When Will Clinical Trials for ABP-102/CT-P72 Begin?

Abpro Holdings Inc. and Celltrion Inc. plan to initiate clinical trials for ABP-102/CT-P72 in the first half of 2026. Given the strong preclinical data, expectations within the industry are high that the candidate could progress efficiently into human studies. The companies are targeting HER2-positive breast, gastric, pancreatic, colorectal, and potentially other tumor types that exhibit high HER2 expression levels.

How Does the ABP-102/CT-P72 Collaboration Fit Into Broader Oncology Trends?

The collaboration between Abpro Holdings Inc. and Celltrion Inc. reflects the accelerating pace of innovation in the bispecific T-cell engager space, particularly for HER2-positive cancers.

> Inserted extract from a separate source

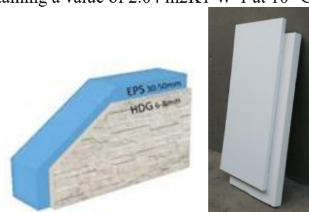
Fig. 2. InnoWEE ETICs panels: scheme (left) and panels produced in pilot production (right)

As opposed to conventional systems that are assembled on-site, in InnoWEE a new type of prefabricated ETICs was proposed. It consists of prefabricated insulating panels composed of an outer geopolymer layer and an inner EPS layer (Fig.2). The panels can be installed easily and fast, and they are extremely eco-friendly by using low CO 2 emissive geopolymer technology and recycling of large amounts of CDW (50% weight of the geopolymer binder). The panels are rectangular with a staggered layout, to facilitate the connection of adjoining panels and have a weight of 18Kg/sq m Substitution of individual panels can be done and easy end-of life recycling is guaranteed by their easy dismantling. The thermal resistance of the panels has been measured in laboratory, according to the EN 12667 standard, obtaining a value of 2.04 m 2 K/W-1 at 10 °C.

Bispecific antibodies that can precisely direct T-cells to tumors while minimizing off-target effects are increasingly viewed as next-generation immunotherapy solutions.

Both companies have strategically aligned their development and commercialization efforts worldwide to maximize the potential reach of ABP-102/CT-P72. With Celltrion’s extensive manufacturing and global distribution network, and Abpro’s DiversImmune® platform for antibody development, the partnership positions itself strongly against existing and emerging competitors in the field of oncology therapeutics.

What Is the Current Sentiment Around Abpro and Celltrion Stocks?

Following the AACR 2025 announcement, Abpro Holdings Inc. experienced a modest share price increase of approximately 4.7% over the past five trading sessions, outperforming the Nasdaq Biotechnology Index. Analysts observe cautious optimism, recognizing the potential of ABP-102/CT-P72 while awaiting validation through clinical trial results. Short interest in Abpro remains moderately elevated at around 8.3%, highlighting a still-speculative outlook among traders.

Recent SEC filings indicate a slight net inflow into Abpro Holdings Inc. from small-cap focused biotech funds, signaling early-stage institutional accumulation. Long-term investors such as RA Capital Management and Perceptive Advisors have maintained or marginally increased their positions, reflecting guarded confidence in Abpro’s development pipeline. Current analyst consensus rates Abpro as a “Hold,” emphasizing the need for patience until Phase 1 clinical data become available.

Celltrion Inc., listed on the Korea Exchange under the symbol 068270, also saw a mild positive share price movement of approximately 1.2% over the past three sessions. Analysts maintain a “Moderate Buy” rating on Celltrion, citing its diversification beyond biosimilars into innovative therapeutics as a key long-term growth catalyst. Institutional flows into Celltrion remain strong, driven by domestic Korean pension funds and foreign institutional investors such as BlackRock and Vanguard Asia-Pacific funds.

FII activity around Celltrion remains robust, while DII flows are also supportive, with increased allocations from major Korean asset managers like Mirae Asset Global Investments and Samsung Asset Management. Given Celltrion’s expanding innovation pipeline, including ABP-102/CT-P72, it continues to strengthen its positioning within global healthcare investment portfolios.

For investors considering exposure, Abpro Holdings Inc. is positioned as a high-risk, high-reward opportunity suited for speculative biotech portfolios, while Celltrion Inc. offers a more balanced innovation-driven growth strategy with reduced downside risks. Analysts suggest a “Hold” on Abpro until clinical trial readouts and a “Moderate Buy” on Celltrion for medium to long-term investors seeking participation in next-generation oncology therapeutics.